**Information supplied**
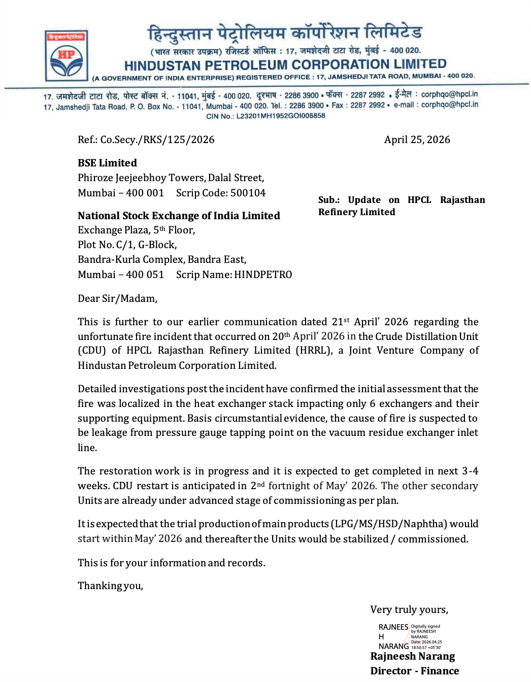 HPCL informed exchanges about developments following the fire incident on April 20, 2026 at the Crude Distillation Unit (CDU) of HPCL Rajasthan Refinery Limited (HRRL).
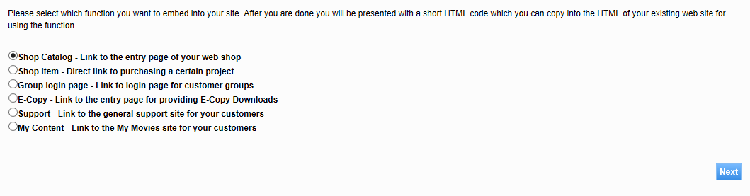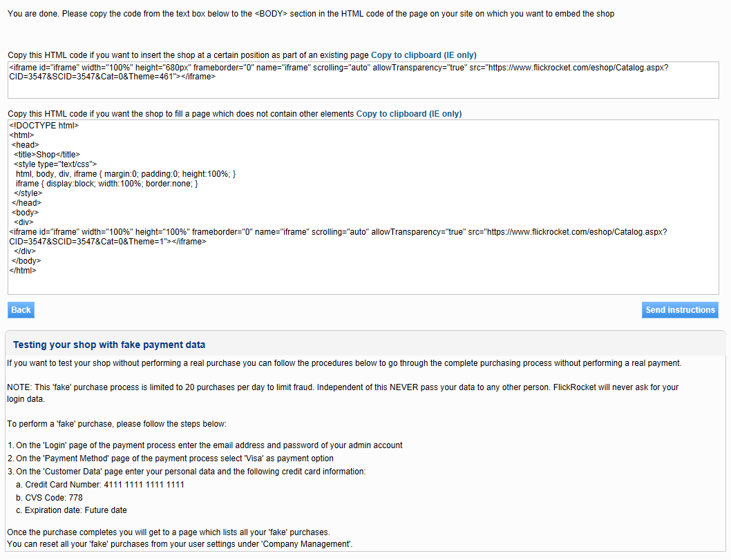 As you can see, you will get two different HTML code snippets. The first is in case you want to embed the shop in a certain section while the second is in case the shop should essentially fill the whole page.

...

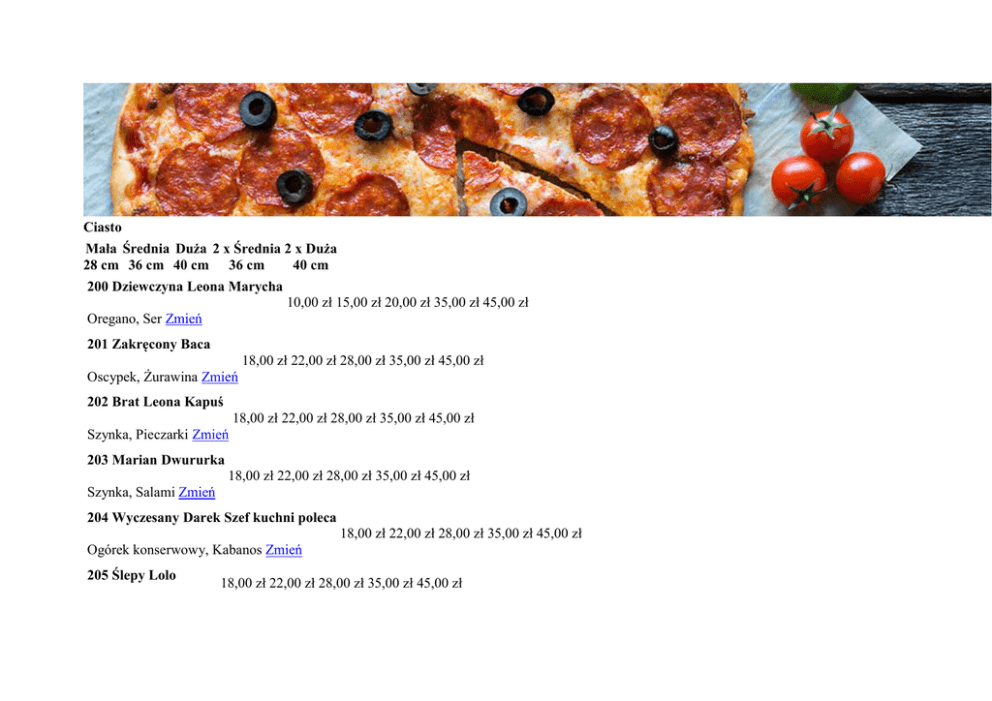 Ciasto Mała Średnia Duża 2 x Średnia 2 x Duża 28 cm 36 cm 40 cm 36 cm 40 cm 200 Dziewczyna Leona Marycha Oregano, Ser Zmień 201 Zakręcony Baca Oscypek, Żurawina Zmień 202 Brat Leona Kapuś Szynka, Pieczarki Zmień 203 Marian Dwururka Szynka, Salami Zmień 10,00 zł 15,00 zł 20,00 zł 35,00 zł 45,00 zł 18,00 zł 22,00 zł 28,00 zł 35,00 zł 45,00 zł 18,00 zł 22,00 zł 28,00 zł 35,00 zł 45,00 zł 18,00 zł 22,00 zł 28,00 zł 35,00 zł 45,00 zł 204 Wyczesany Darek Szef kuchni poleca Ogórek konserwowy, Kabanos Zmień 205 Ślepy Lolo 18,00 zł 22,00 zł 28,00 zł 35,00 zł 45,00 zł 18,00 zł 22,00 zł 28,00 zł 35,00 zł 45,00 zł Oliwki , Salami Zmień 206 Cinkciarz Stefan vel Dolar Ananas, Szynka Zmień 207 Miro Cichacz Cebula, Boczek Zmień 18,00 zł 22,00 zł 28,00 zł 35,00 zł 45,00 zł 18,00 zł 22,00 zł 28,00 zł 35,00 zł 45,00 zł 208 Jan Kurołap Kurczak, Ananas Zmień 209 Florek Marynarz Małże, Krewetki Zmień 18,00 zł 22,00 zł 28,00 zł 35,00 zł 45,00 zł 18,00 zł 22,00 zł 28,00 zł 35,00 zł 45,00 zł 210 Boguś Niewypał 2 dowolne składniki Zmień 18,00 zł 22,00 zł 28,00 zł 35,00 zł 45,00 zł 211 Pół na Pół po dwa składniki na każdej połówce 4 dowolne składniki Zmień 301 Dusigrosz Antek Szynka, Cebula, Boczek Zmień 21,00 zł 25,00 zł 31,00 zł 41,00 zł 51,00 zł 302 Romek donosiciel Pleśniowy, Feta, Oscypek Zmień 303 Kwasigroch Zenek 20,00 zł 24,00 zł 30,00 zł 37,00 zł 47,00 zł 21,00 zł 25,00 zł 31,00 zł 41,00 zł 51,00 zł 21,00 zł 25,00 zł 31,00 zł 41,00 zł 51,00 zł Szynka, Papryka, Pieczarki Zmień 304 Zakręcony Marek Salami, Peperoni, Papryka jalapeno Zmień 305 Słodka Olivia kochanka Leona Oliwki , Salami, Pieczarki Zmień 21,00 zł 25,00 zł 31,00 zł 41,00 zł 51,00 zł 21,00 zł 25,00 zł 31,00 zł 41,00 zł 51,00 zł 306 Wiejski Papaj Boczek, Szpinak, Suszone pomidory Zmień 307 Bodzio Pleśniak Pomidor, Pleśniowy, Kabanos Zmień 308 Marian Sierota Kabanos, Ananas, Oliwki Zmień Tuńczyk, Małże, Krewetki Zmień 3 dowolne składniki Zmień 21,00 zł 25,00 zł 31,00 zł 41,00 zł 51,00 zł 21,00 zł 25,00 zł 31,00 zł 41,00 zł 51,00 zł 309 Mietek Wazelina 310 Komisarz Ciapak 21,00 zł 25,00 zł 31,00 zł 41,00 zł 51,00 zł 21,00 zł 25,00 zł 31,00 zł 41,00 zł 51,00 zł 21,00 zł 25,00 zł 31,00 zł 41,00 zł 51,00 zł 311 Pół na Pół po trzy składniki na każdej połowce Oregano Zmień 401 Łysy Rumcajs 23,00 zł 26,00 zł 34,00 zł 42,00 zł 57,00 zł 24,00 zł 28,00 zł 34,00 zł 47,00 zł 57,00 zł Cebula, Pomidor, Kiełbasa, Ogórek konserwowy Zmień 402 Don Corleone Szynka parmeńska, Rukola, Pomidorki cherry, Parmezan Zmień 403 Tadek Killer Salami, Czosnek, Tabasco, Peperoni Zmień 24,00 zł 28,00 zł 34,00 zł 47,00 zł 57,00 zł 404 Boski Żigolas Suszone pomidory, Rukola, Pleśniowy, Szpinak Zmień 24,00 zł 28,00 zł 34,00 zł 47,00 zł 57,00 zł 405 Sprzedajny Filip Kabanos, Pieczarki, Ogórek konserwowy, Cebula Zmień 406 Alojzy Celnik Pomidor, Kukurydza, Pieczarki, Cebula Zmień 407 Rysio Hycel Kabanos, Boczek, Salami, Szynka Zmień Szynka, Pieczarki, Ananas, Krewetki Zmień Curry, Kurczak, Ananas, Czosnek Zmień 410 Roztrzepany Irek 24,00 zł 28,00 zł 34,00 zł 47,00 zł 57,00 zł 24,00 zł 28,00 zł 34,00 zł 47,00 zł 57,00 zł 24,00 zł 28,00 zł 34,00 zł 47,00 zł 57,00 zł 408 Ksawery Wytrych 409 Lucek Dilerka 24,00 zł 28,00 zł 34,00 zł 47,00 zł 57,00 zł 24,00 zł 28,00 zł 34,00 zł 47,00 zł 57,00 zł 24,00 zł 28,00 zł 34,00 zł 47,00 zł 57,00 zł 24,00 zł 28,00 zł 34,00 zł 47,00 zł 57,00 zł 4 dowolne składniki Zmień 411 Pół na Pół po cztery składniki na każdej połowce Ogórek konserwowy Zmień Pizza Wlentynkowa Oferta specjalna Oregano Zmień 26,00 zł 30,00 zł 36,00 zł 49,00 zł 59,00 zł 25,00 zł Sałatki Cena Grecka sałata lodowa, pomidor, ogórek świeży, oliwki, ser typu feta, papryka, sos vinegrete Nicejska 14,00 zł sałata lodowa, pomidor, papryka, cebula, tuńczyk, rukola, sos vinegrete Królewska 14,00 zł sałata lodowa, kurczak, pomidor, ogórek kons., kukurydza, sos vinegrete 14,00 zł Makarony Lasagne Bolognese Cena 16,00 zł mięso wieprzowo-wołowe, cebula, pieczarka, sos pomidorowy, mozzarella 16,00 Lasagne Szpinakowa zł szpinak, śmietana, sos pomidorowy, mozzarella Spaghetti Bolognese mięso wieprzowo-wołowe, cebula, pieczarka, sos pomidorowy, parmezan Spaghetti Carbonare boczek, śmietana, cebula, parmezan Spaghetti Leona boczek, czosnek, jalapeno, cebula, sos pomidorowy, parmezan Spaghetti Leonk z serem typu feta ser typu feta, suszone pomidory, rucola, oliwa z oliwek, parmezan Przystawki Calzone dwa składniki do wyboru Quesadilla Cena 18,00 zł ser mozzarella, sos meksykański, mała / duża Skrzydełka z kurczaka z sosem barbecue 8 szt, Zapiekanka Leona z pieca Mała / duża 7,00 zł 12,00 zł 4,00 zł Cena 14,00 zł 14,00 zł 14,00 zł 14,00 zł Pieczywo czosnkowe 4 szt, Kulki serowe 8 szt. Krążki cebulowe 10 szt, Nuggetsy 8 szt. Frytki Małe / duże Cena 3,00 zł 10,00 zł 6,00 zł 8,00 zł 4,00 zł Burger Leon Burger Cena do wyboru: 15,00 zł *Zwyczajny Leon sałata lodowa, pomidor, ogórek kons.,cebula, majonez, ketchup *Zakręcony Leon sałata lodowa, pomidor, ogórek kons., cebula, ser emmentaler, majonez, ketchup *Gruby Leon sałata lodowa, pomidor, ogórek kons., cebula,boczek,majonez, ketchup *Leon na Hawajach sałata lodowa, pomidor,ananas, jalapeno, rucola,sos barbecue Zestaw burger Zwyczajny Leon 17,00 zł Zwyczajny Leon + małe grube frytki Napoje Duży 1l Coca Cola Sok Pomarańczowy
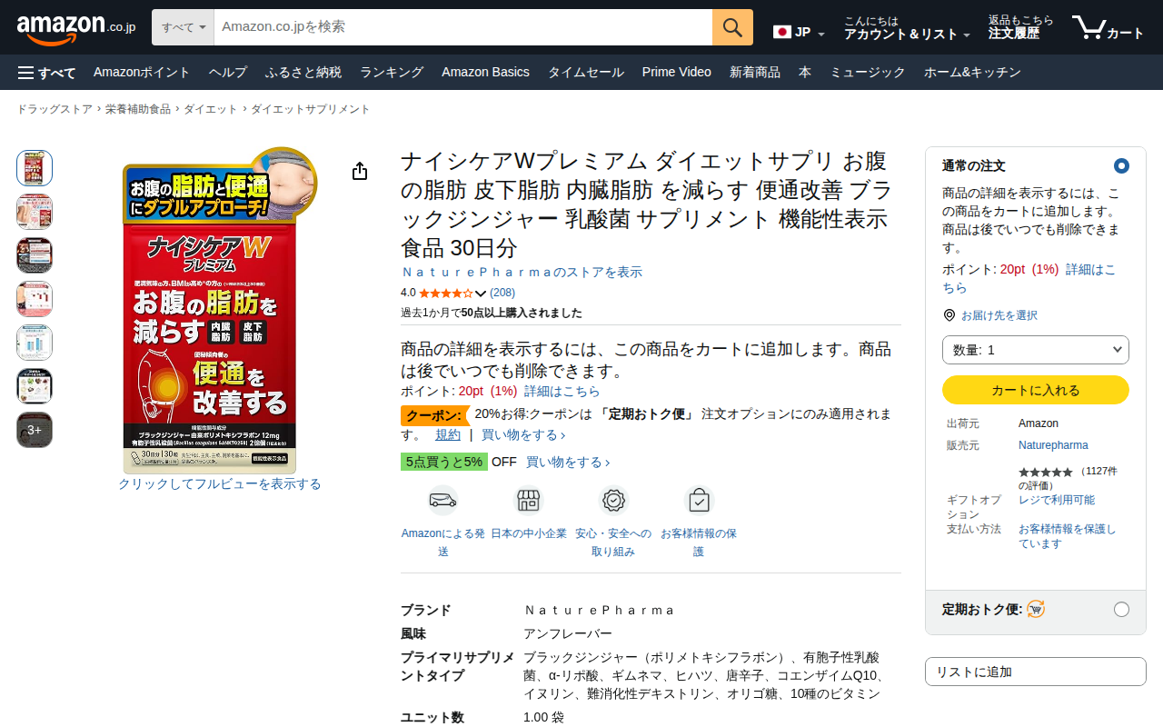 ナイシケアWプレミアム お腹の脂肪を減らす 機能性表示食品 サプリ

---

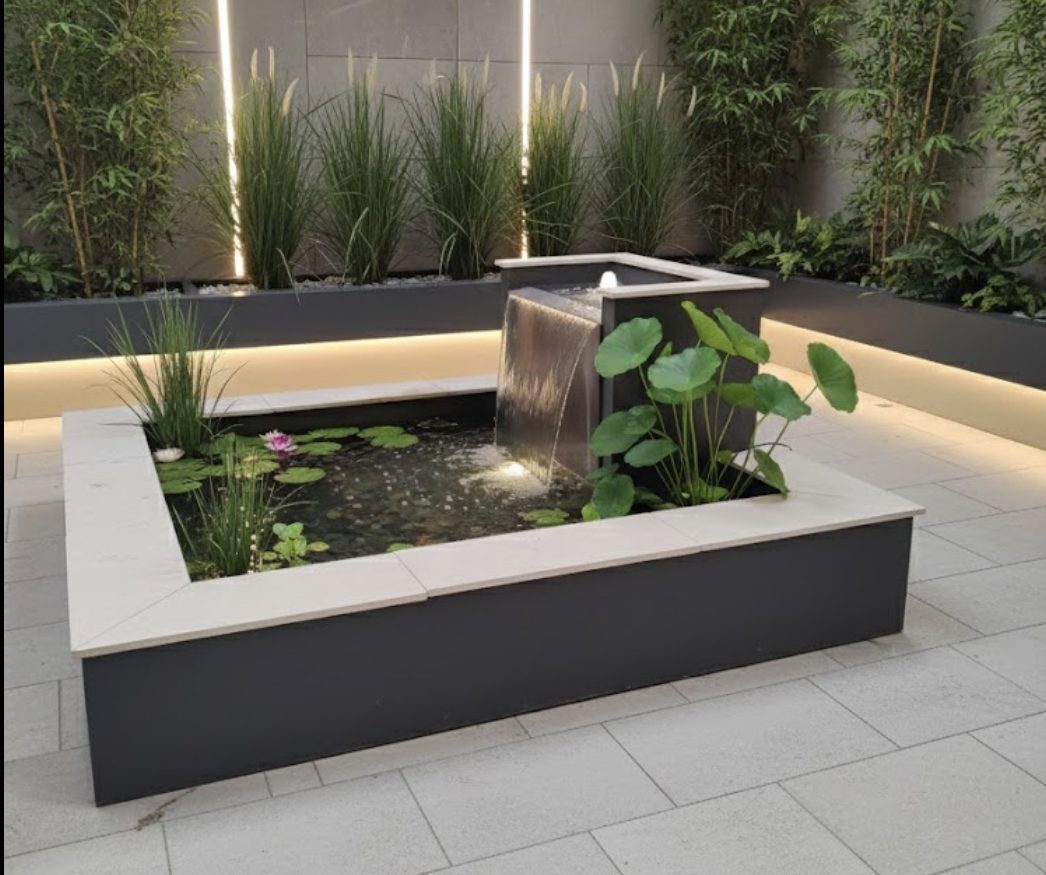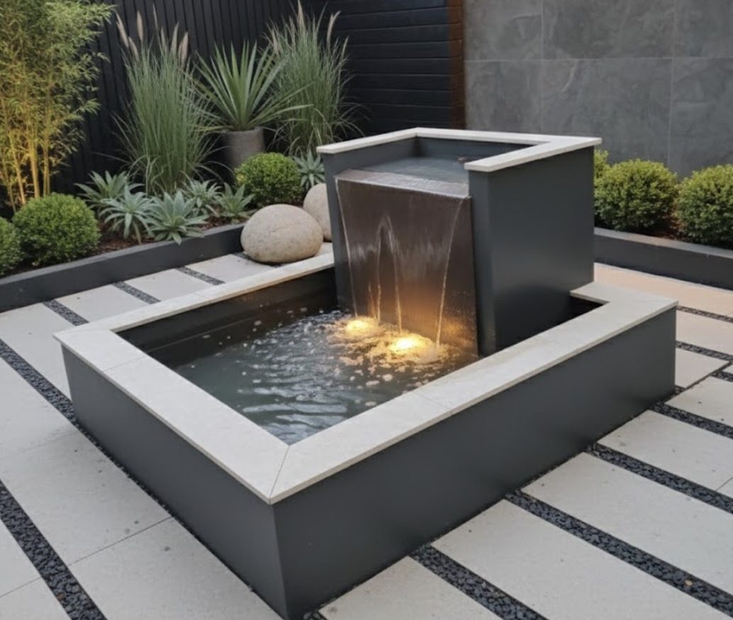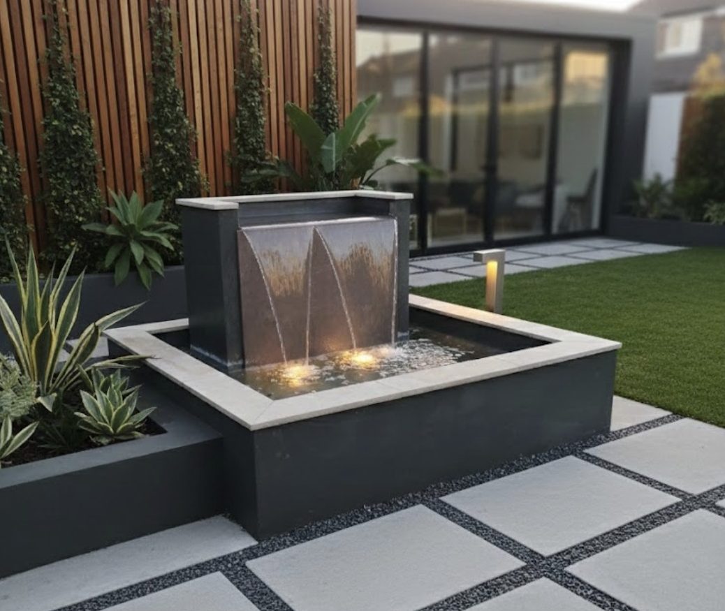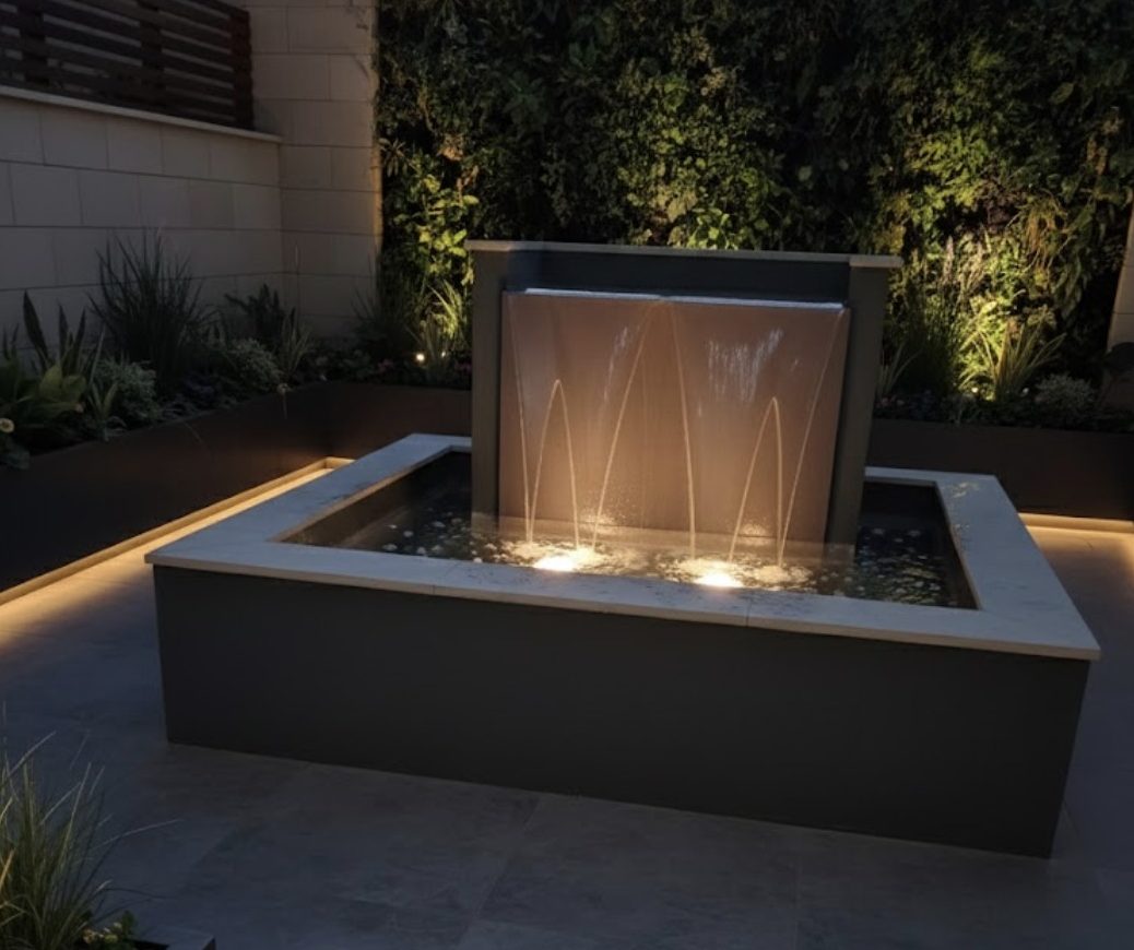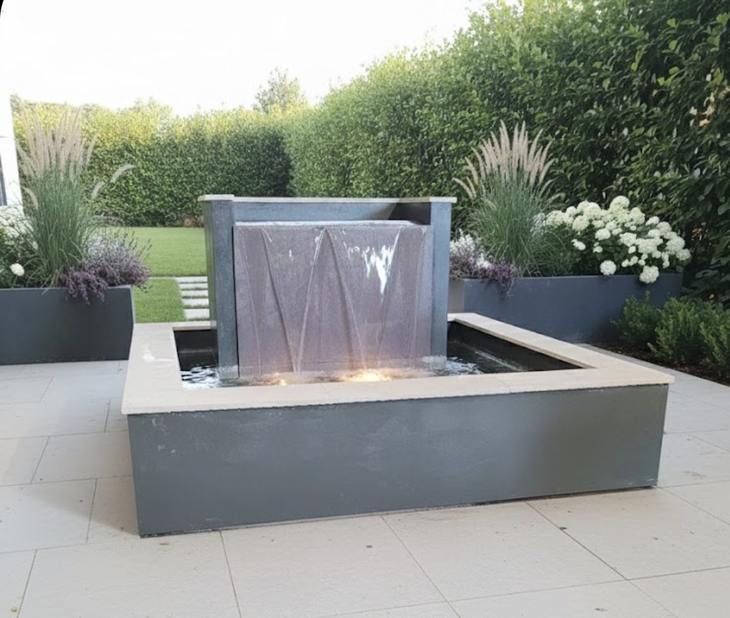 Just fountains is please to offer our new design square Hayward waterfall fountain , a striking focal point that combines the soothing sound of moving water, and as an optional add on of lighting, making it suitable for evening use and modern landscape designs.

**Requirement**
Print exactly the lines above that run from the one with "HPCL informed exchanges" down to the one with "As you can see, you", and omit the pictures.

**Exercise answer**
 HPCL informed exchanges about developments following the fire incident on April 20, 2026 at the Crude Distillation Unit (CDU) of HPCL Rajasthan Refinery Limited (HRRL).
 As you can see, you will get two different HTML code snippets. The first is in case you want to embed the shop in a certain section while the second is in case the shop should essentially fill the whole page.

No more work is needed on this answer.